Tuesday, January 27, 2004

BAGHDAD, Iraq -- There's hardly a street without a mound of festering garbage or a puddle of sewage. Crime is rampant. Gray concrete blast barriers and coils of barbed wire are everywhere. Power cuts of up to 12 hours a day are routine. Fuel shortages are common.

Traffic is gridlocked for most of the day, but the streets are deserted soon after nightfall. Sporadic gunfire is often heard late at night. Prices are soaring.

Once the capital of a glorious medieval empire and more recently a city known for its Soviet-style order, wide boulevards and grand monuments, today's Baghdad encases the pains of a nation struggling to adjust to new realities, recover from three wars and cope with fears of ongoing violence.

"This is the saddest city in the world," lamented one resident, Qasim al-Sabti.

Life here is not entirely bleak, especially for those who ran afoul of Saddam Hussein's brutal dictatorship.

"I can freely live now.

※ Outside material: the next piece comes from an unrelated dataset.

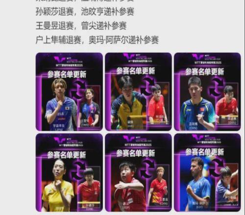 WTT蒙彼利埃冠军赛参赛球员更新:国乒多位选手退赛
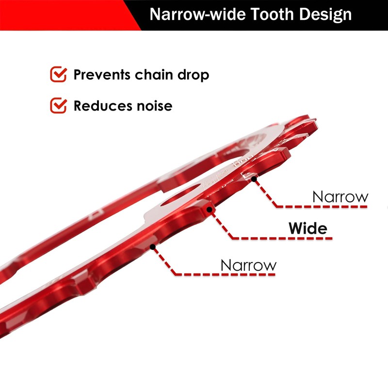 - WIDE NARROW TOOTH DESIGN: The teeth of this round chainring adopt the second generation wide narrow tooth design, which maximises the service life of the chainring and reduces friction and noise. The larger wide-tooth design improves the anti-dropout performance of the chainring

I don't expect anyone to knock on my door at dawn and take me away to prison and I can sue anyone who does me an injustice," said Hussein al-Jaaf, an education official and newspaper columnist who spent seven months in an underground jail cell during Saddam's reign.

The defeat of the regime nine months ago and the end of U.N. sanctions have opened up Iraq to foreign consumer goods once only available to the political elite.

'Still has a pulse'

However, with soaring unemployment, parts of Baghdad have been taken over by armies of street hawkers, mostly children, offering anything from gasoline, to propane, American cigarettes and bananas. Armed security guards are a fixture, as are money changers doing business from behind rickety tables or men charging by the minute to use satellite phones.

"Baghdad has fallen into a dark age, but it still has a pulse," said painter Nouri al-Rawi, 75. "We are being tested again."

With garbage collection erratic, Baghdadis have taken to scrawling graffiti on outside walls urging people not to dump their refuse near their homes.

Some Baghdadis trace the city's decline to long before the arrival of the Americans. Iraq's 1990 invasion of Kuwait, followed by the 1991 defeat in the Gulf War, brought U.N. sanctions that crippled the economy and reduced most Iraqis to poverty. Crime and corruption flourished.

Others, however, blame the Americans either for the current miseries or for not reversing them.

U.S. officials insist many of the inconveniences are growing pains as the society transforms from autocracy to democracy.

In December, for example, gasoline supplies ran low, forcing Iraqis to wait for hours in mile-long lines. The days of the long gas station lines are over. But traffic congestion has not abated.

"I have not moved a single centimeter in 30 minutes," said Khidr Nasser, his taxi stuck in traffic. "I still make enough to feed myself, wife and two children, but I cannot afford repairs."